Trenton Academy was a private school in the city of Trenton, New Jersey from 1781 to 1884 that served children ages 4–16.  It was located on Academy Street where the Trenton Public Library is presently located.

History

In 1781 prominent members of the Trenton community created a company promoting the cause of education in the city.  It was organized as a stock company and the board of trustees were elected annually from the stockholders.  By 1785, the school was formally named Trustees of Trenton Academy.  After 1789 the school issued a certificate under the seal of the corporation to scholars which studied the English language grammatically and gained competent knowledge of at least 2 branches of Extraction of the Roots, Algebra, Mathematics, Geography, Chronology, History Logic Rhetoric, Moral and Natural Philosophy, Spirit of Laws and Criticism, the students also read, what is usually read in schools: Caesars Commentaries or Ovid's Metamorphoses, Justin or Sallust in Latin and any two of the four following books, The New Testament, Lucian's Dialogue, Xenophon or Homer in Greek.

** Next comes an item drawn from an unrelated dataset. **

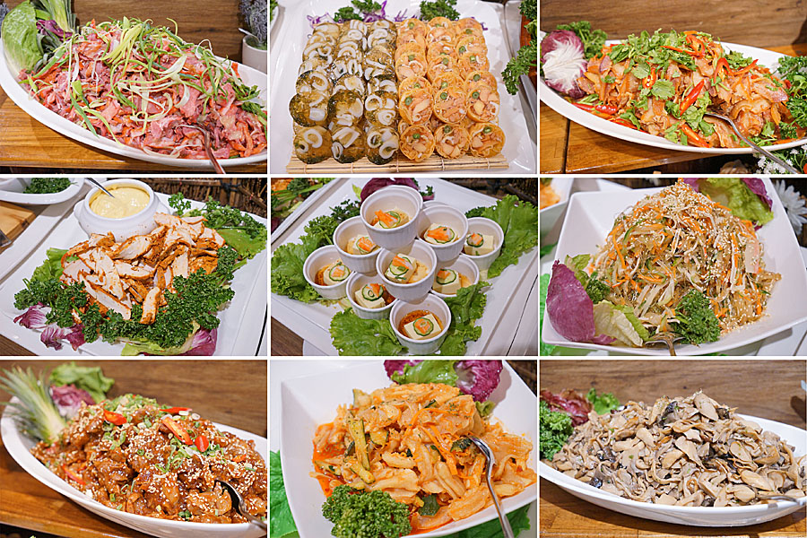 裡面有從前菜的生菜區、涼拌系列、炸物海鮮、飯麵、湯、水果、與各種冰品通通都有。

During the late 1790s, the Academy held a lottery to raise money.  In 1800, they leased part of the Presbyterian church ground on State street for a girls' school.  The Trustees of the Academy passed a resolution prohibiting the students from shooting guns within the limits of the school in the year 1807.  In the winter of 1815-1816, the Academy was used by the Methodist church to hold one of the first Sunday schools in the country. The school flourished for many years as a notable institution in Trenton New Jersey.  Many statesmen and notable citizens attended the institution.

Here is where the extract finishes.